## [Available data]
########################################
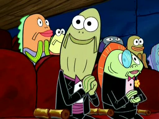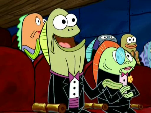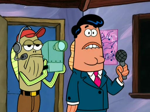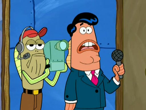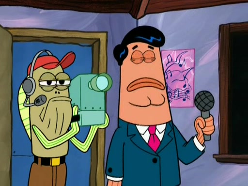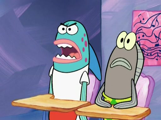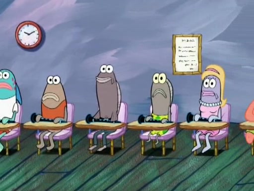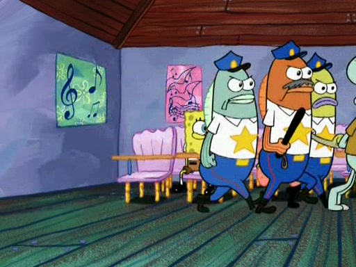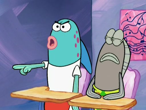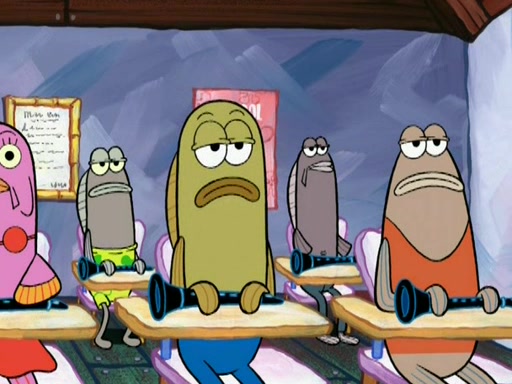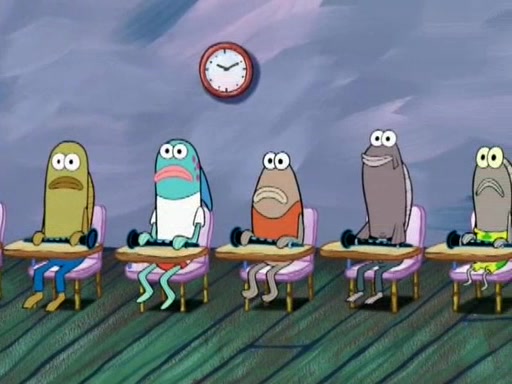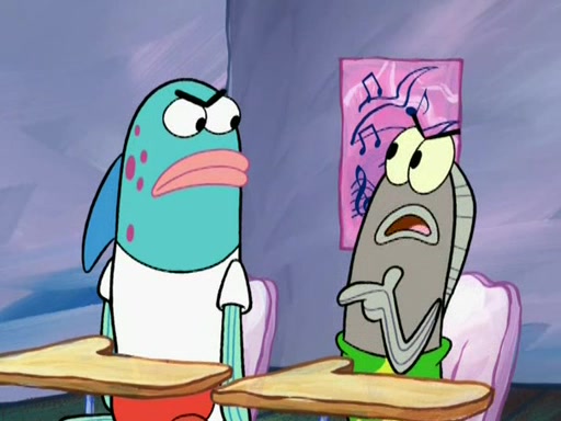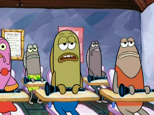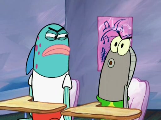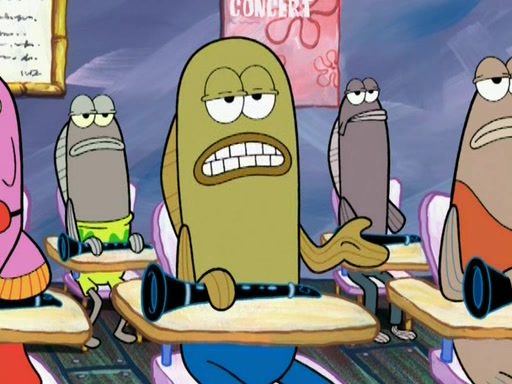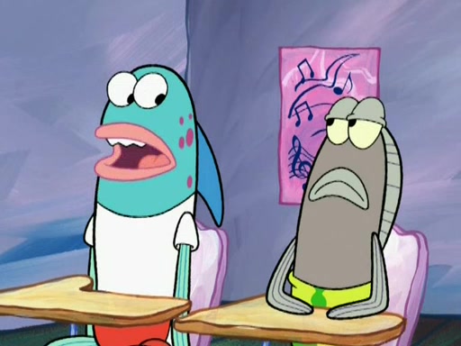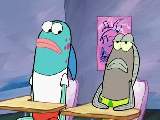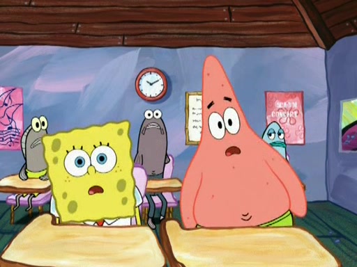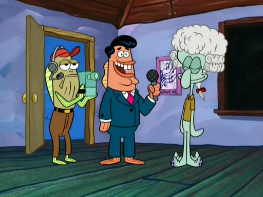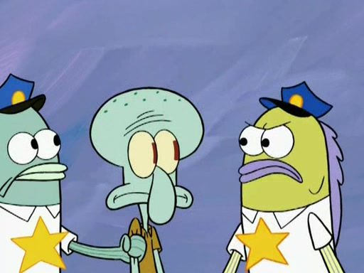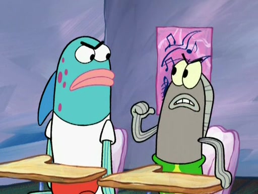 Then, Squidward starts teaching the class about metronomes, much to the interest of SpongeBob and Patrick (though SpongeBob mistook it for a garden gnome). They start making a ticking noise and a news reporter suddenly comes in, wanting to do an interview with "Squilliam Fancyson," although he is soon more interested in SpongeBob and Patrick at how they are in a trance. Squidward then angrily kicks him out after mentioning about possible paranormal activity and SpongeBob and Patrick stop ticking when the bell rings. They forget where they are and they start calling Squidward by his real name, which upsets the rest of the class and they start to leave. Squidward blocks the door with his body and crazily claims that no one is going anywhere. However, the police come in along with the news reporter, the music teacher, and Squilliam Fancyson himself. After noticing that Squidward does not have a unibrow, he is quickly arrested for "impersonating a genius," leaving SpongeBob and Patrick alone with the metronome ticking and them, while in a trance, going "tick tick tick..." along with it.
########################################
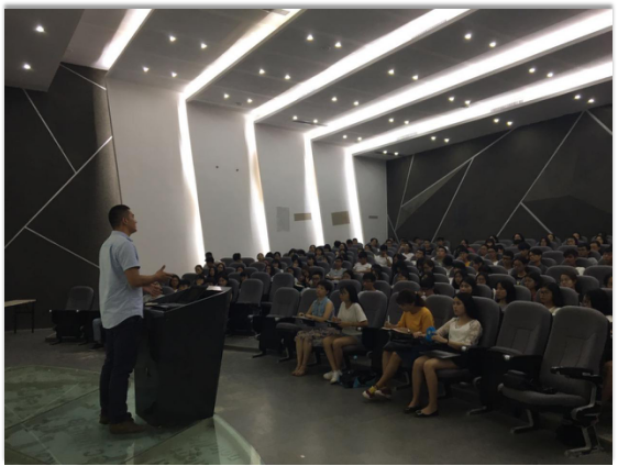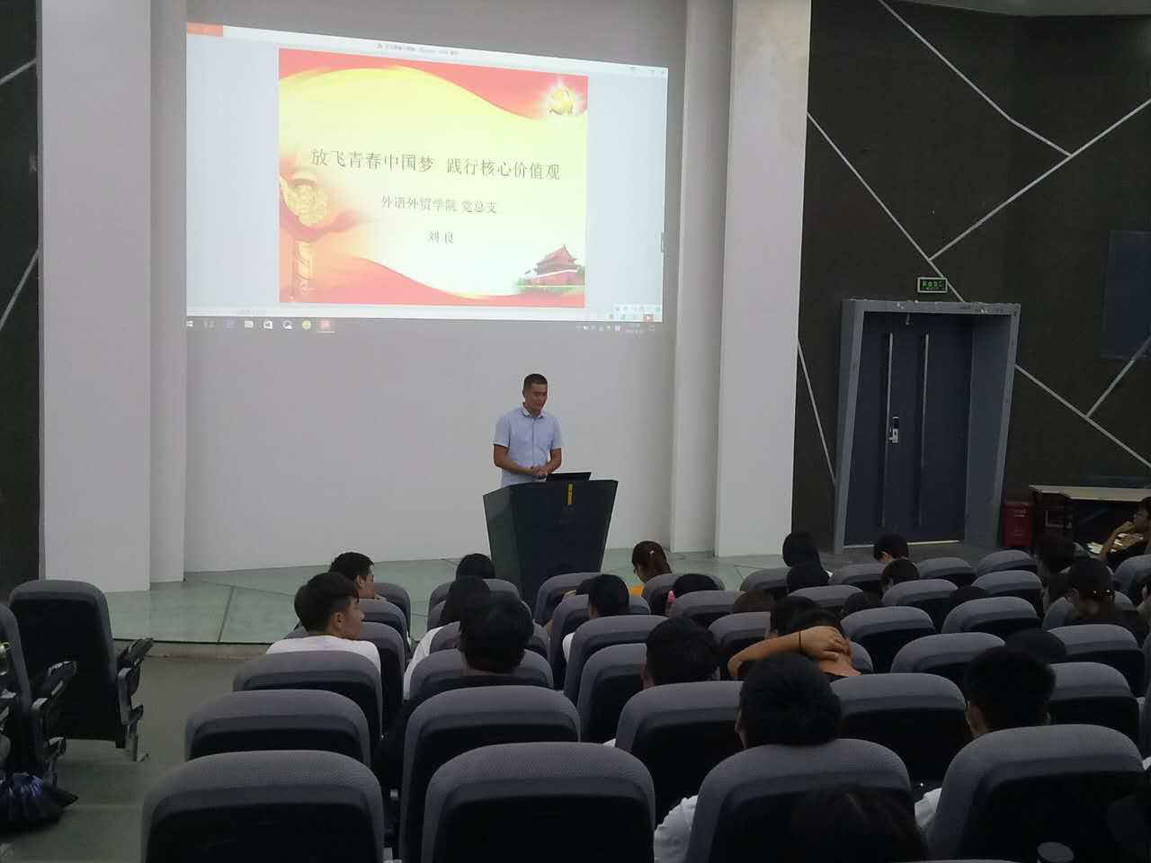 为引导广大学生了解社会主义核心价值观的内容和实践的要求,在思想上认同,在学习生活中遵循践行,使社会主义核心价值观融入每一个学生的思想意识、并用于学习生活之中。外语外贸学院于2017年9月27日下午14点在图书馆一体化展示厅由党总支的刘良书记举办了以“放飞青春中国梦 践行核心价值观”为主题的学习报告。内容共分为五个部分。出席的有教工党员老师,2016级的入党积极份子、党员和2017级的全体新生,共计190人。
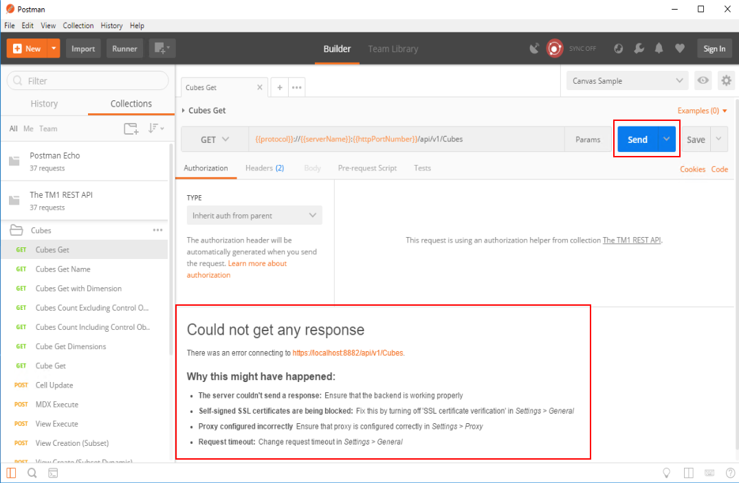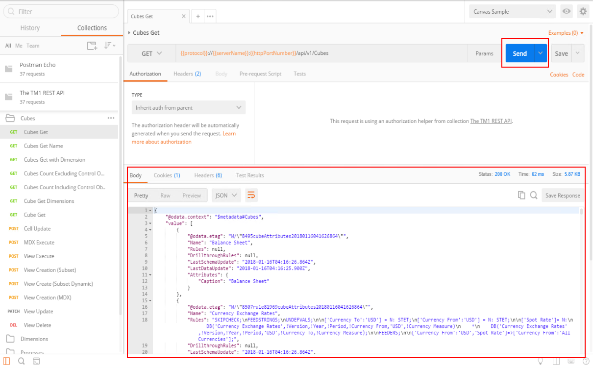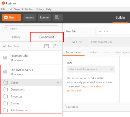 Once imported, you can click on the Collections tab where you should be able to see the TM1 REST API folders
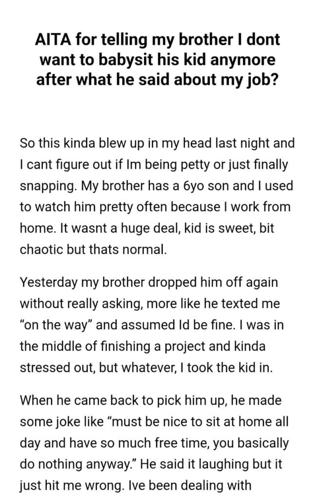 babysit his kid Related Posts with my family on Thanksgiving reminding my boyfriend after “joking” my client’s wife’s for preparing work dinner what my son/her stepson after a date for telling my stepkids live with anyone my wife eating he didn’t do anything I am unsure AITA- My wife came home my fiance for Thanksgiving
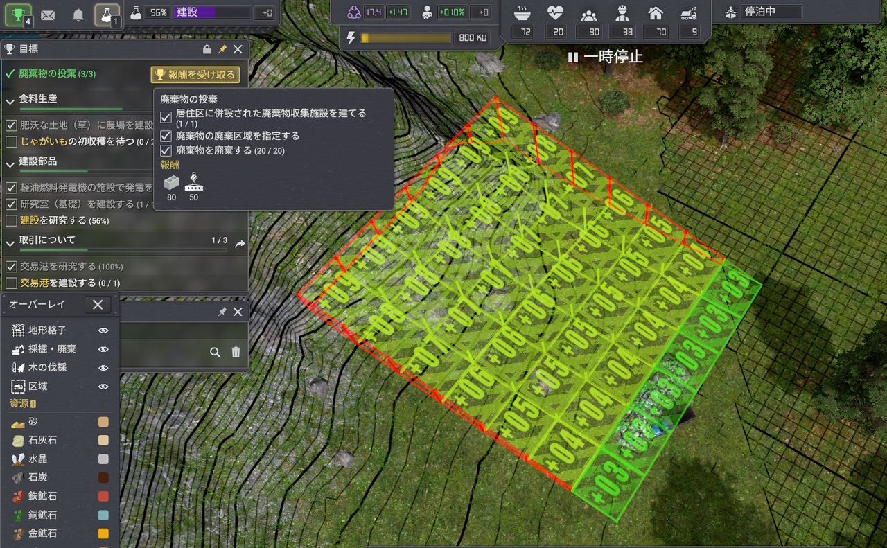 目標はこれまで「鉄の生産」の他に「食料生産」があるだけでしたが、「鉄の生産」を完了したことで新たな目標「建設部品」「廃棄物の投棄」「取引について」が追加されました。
########################################
## [Problem statement]
With the pictures removed from your copy, retype the lines above from the one that contains "Once imported, you" through the one that contains "目標はこれまで「鉄の生産」の", exactly.

## [Response area]
 Once imported, you can click on the Collections tab where you should be able to see the TM1 REST API folders
 babysit his kid Related Posts with my family on Thanksgiving reminding my boyfriend after “joking” my client’s wife’s for preparing work dinner what my son/her stepson after a date for telling my stepkids live with anyone my wife eating he didn’t do anything I am unsure AITA- My wife came home my fiance for Thanksgiving
 目標はこれまで「鉄の生産」の他に「食料生産」があるだけでしたが、「鉄の生産」を完了したことで新たな目標「建設部品」「廃棄物の投棄」「取引について」が追加されました。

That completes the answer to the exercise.